常歌梦见自己走在一条寂静的石板小路上,身畔萦绕着飘飘渺渺的薄雾,晚风轻柔的吹拂着,天空中的下弦月在云层中若隐若现,零零落落的星星在夜空中闪烁着暗淡的光辉。小路的尽头传来一阵若有若无的琴声,常歌就向着琴声的方向走了过去。穿过薄雾,常歌的眼前出现了一扇小门,朱红色的门上嵌着一个兽首,兽首的嘴里叼着一个古旧的圆环。
推开门,常歌在朦胧的月色下穿过了一条翠竹满园、红花遍地的回廊,遁着琴声走进了一间静雅的小屋。屋子里摆放着一张矮几,几上点着一支红烛,放着一张瑶琴和一壶酒,却没有抚琴的人。
常歌刚在矮几前坐下来,珠帘撩动,走出一个人来。
来人唇红齿白,眉目秀丽,高鬟双髻,华衣锦带。
赫然竟是小橘子。
常歌还没来得及说话,小橘子就下命令了:“你弹琴我跳舞,我给你跳个Nobody。”
常歌看了看小橘子身上的宽襟长袖,又看了看面前的瑶琴,摸了摸鼻子,正想发表意见,小橘子已经不耐烦的开始催促他了:“你快弹啊,我给你表演个古典与现代的完美结合。

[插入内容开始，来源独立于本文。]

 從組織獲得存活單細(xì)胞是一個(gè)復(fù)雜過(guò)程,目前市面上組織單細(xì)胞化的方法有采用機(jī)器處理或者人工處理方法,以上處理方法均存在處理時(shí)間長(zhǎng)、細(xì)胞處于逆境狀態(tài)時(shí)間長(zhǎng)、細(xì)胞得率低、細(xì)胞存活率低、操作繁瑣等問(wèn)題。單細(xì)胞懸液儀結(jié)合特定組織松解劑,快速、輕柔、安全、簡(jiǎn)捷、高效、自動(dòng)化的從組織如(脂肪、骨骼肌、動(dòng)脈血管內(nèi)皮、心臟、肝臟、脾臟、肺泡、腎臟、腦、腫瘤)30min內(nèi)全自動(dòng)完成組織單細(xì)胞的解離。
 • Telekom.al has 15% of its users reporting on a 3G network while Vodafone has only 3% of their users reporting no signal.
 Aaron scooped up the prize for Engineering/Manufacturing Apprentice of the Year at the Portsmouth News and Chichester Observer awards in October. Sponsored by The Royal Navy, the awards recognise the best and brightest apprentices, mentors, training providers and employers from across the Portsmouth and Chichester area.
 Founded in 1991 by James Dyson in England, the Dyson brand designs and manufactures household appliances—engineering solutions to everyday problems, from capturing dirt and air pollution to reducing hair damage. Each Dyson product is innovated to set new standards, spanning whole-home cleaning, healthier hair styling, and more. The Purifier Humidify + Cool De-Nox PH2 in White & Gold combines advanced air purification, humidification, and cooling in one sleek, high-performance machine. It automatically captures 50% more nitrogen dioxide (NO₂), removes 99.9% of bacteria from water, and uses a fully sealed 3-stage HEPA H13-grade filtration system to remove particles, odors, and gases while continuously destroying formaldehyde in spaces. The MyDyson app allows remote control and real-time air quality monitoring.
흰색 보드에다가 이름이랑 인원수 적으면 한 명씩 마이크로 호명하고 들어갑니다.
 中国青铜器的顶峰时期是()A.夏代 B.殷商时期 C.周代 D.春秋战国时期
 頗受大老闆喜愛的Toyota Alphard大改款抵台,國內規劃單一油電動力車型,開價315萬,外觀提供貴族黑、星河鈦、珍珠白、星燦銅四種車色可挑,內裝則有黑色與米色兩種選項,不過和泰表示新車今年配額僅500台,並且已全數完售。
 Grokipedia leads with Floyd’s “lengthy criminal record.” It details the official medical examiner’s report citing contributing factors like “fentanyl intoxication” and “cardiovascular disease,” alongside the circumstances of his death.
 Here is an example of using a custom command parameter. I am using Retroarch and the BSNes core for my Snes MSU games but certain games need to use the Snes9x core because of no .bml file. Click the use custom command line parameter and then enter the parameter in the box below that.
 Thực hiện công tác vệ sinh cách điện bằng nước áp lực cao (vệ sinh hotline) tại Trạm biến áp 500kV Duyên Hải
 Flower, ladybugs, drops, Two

”
常歌记得自己好像只会弹吉他,完全不懂古典音律,但是他好像没办法控制自己的双手,不由自主的就在瑶琴上弹奏了起来,指尖下流淌出的旋律居然是植物大战僵尸。摇晃不定的烛光中,小橘子开始翩翩起舞了,但是她好像跳的并不是Nobody,而是迈克尔·杰克逊的太空舞步……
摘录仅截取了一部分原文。